Material shown:
[Start of section]
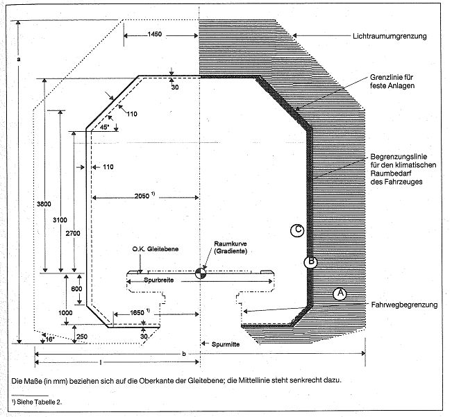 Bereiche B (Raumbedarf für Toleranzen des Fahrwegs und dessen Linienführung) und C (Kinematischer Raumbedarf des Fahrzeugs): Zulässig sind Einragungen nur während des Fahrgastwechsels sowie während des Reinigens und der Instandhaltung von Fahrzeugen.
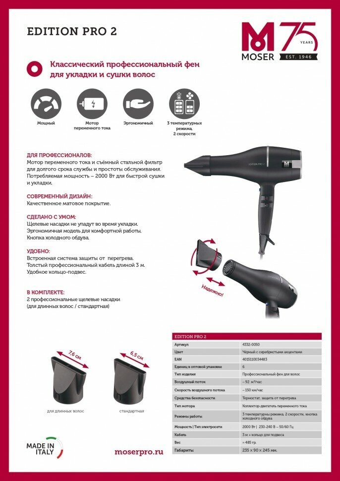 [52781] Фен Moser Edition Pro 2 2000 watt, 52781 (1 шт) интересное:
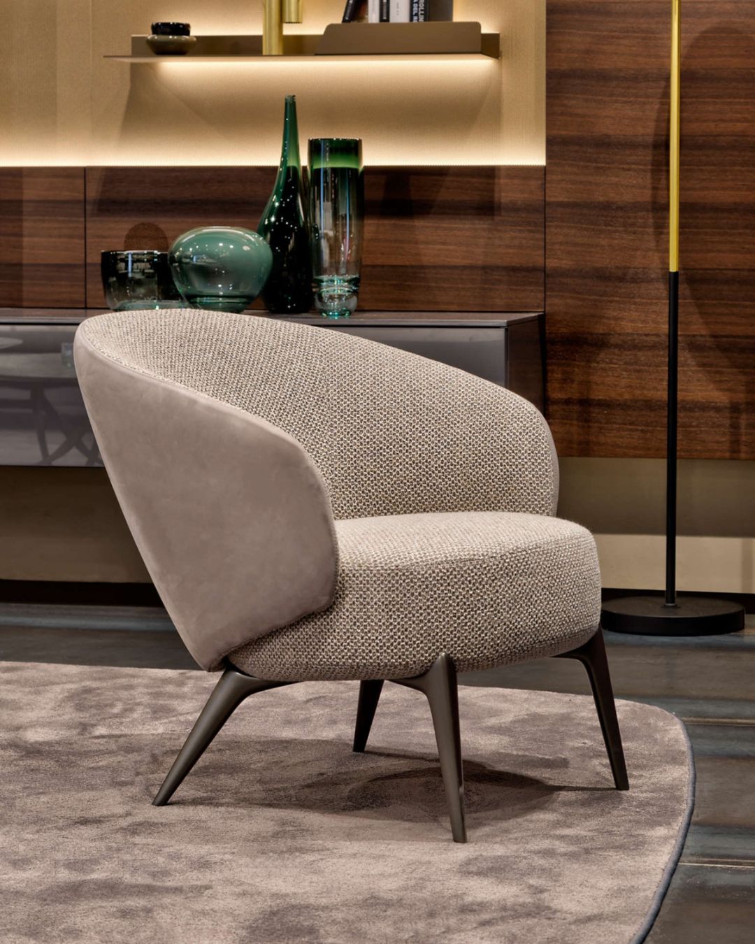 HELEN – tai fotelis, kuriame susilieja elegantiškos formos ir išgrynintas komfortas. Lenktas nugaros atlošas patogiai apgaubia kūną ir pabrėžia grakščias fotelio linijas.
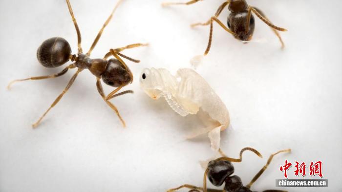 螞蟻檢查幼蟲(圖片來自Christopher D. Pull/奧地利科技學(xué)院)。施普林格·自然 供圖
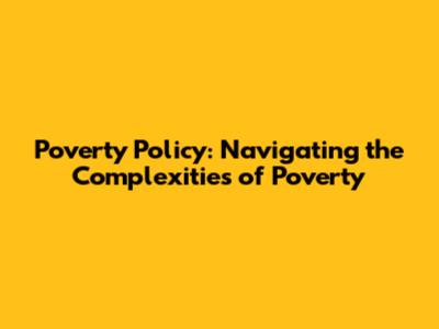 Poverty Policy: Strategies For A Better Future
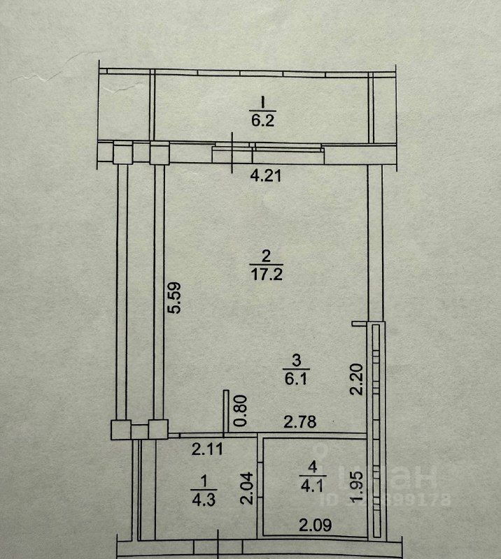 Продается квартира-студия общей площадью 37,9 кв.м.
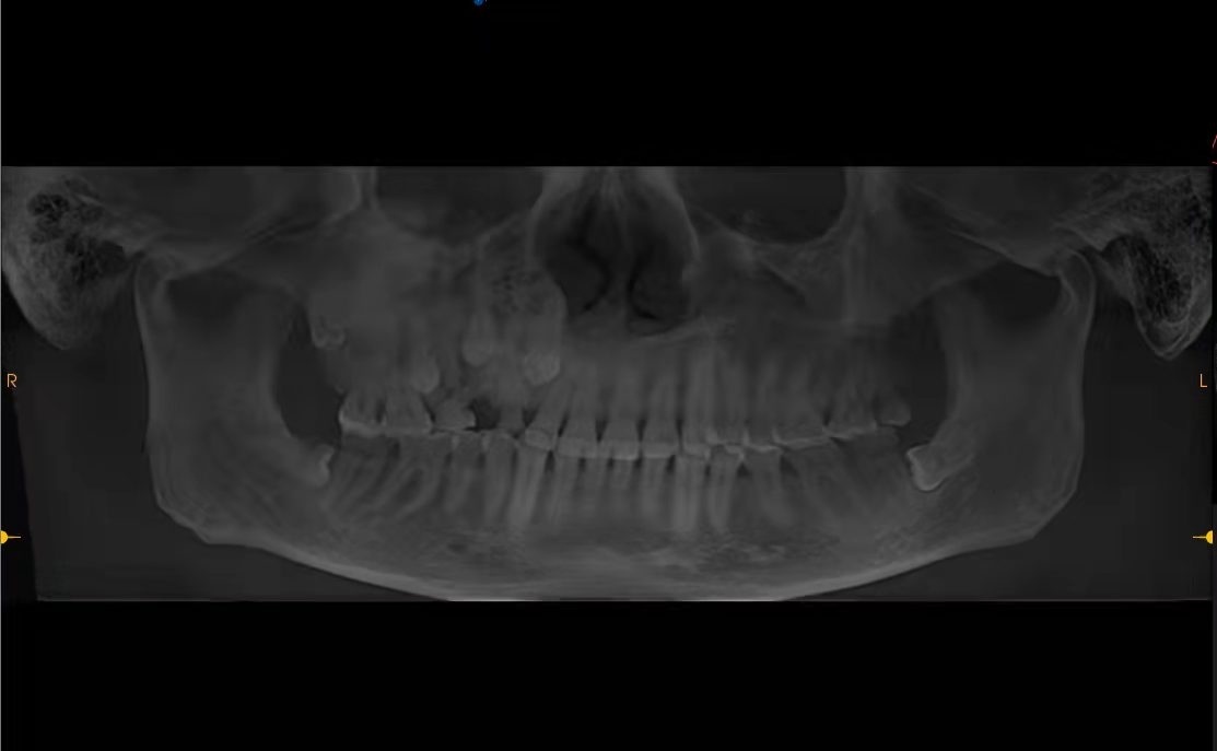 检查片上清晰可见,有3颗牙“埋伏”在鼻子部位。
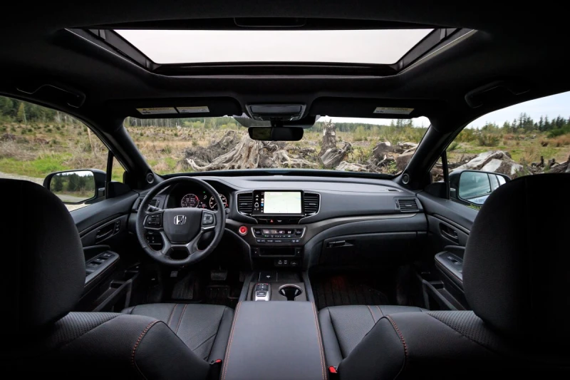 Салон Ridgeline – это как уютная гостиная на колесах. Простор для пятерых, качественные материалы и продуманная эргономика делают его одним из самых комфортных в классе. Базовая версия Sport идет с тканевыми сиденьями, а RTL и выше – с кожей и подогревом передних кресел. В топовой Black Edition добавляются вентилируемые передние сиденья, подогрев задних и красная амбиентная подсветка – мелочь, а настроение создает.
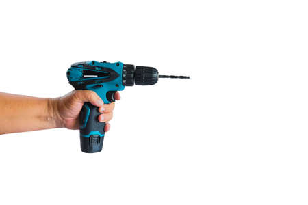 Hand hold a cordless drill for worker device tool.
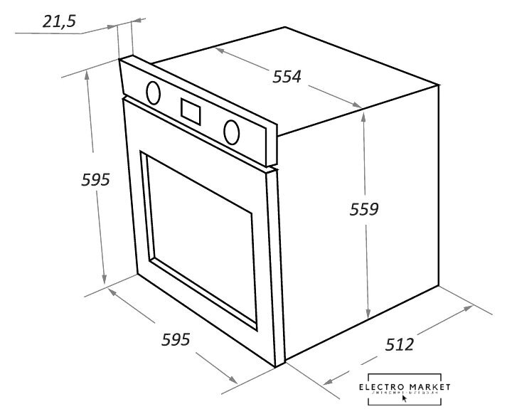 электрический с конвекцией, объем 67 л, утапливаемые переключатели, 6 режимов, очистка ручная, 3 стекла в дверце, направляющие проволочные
[End of section]
[Start of section]
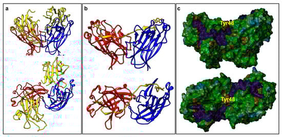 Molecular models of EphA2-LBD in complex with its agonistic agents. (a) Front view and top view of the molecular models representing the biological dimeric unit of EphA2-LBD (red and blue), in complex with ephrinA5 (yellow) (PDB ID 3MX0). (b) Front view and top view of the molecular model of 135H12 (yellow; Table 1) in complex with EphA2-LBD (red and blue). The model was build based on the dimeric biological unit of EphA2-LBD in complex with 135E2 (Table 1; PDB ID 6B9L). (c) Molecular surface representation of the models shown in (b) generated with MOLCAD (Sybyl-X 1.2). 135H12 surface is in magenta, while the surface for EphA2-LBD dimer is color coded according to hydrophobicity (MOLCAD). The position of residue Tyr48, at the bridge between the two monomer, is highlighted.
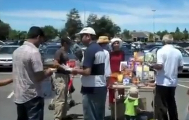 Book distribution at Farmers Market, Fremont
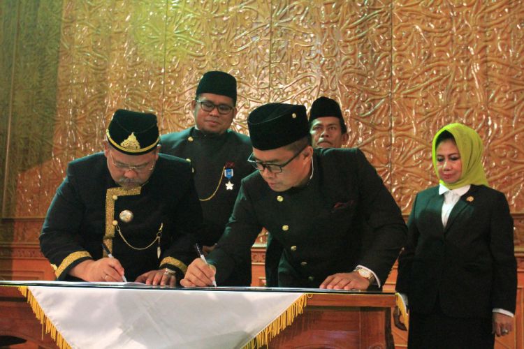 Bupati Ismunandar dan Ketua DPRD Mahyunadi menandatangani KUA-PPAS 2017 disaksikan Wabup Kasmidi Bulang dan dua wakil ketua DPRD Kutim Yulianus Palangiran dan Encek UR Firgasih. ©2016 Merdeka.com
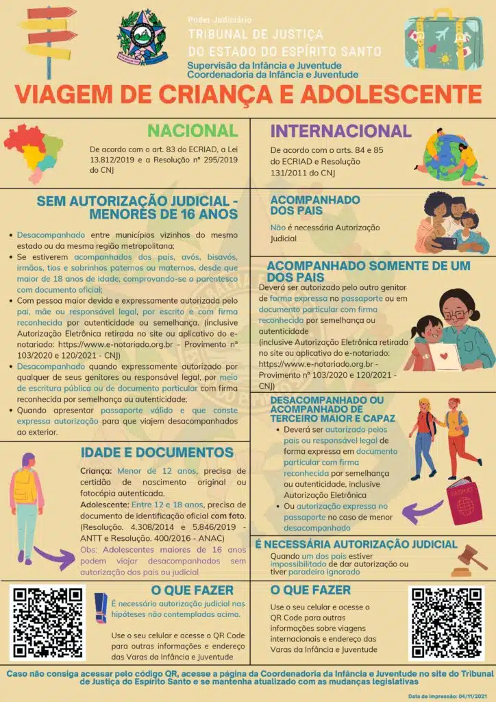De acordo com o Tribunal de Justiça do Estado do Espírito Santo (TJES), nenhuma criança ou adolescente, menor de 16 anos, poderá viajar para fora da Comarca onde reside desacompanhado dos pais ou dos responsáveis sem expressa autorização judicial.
[End of section]
Exact repeat of the material above: every line from the one with "Poverty Policy: Strategies" through the one with "электрический с конвекцией, объем", endpoints included, and nothing more. No pictures.

Response to the task:
 Poverty Policy: Strategies For A Better Future
 Продается квартира-студия общей площадью 37,9 кв.м.
 检查片上清晰可见,有3颗牙“埋伏”在鼻子部位。
 Салон Ridgeline – это как уютная гостиная на колесах. Простор для пятерых, качественные материалы и продуманная эргономика делают его одним из самых комфортных в классе. Базовая версия Sport идет с тканевыми сиденьями, а RTL и выше – с кожей и подогревом передних кресел. В топовой Black Edition добавляются вентилируемые передние сиденья, подогрев задних и красная амбиентная подсветка – мелочь, а настроение создает.
 Hand hold a cordless drill for worker device tool.
 электрический с конвекцией, объем 67 л, утапливаемые переключатели, 6 режимов, очистка ручная, 3 стекла в дверце, направляющие проволочные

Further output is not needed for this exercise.